# SOURCE MATERIAL
***

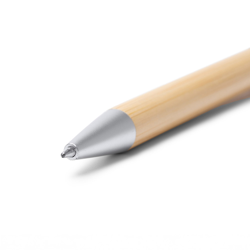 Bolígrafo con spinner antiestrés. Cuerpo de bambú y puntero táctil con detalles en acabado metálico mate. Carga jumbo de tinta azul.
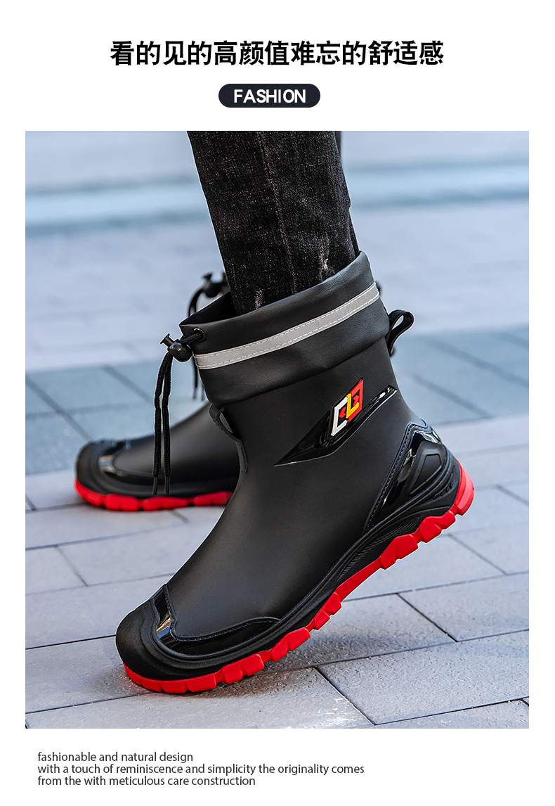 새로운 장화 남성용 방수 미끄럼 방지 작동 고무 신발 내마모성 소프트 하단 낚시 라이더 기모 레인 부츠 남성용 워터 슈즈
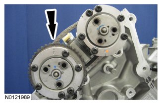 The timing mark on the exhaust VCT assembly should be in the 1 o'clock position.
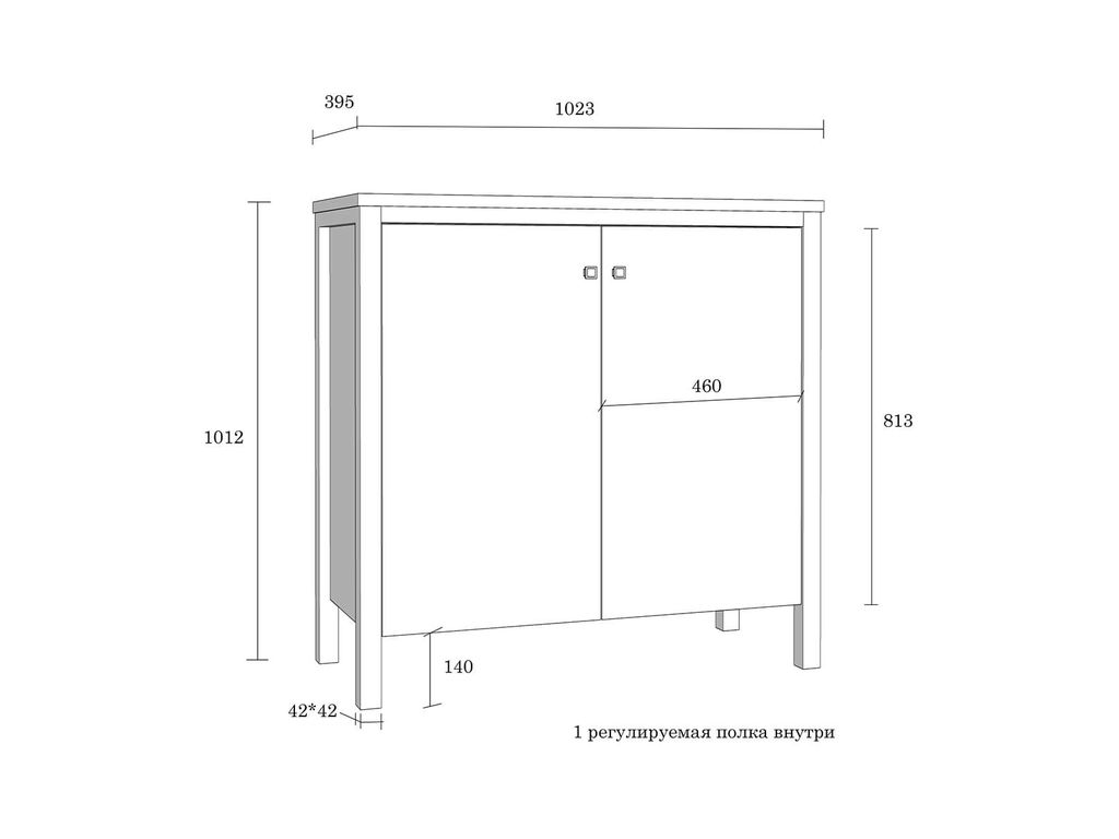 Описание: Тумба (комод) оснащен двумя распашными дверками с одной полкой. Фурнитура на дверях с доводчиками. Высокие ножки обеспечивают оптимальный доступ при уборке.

***

# PROBLEM STATEMENT
Print the material above verbatim, no images.

# ANSWER TO THIS EXERCISE
 Bolígrafo con spinner antiestrés. Cuerpo de bambú y puntero táctil con detalles en acabado metálico mate. Carga jumbo de tinta azul.
 새로운 장화 남성용 방수 미끄럼 방지 작동 고무 신발 내마모성 소프트 하단 낚시 라이더 기모 레인 부츠 남성용 워터 슈즈
 The timing mark on the exhaust VCT assembly should be in the 1 o'clock position.
 Описание: Тумба (комод) оснащен двумя распашными дверками с одной полкой. Фурнитура на дверях с доводчиками. Высокие ножки обеспечивают оптимальный доступ при уборке.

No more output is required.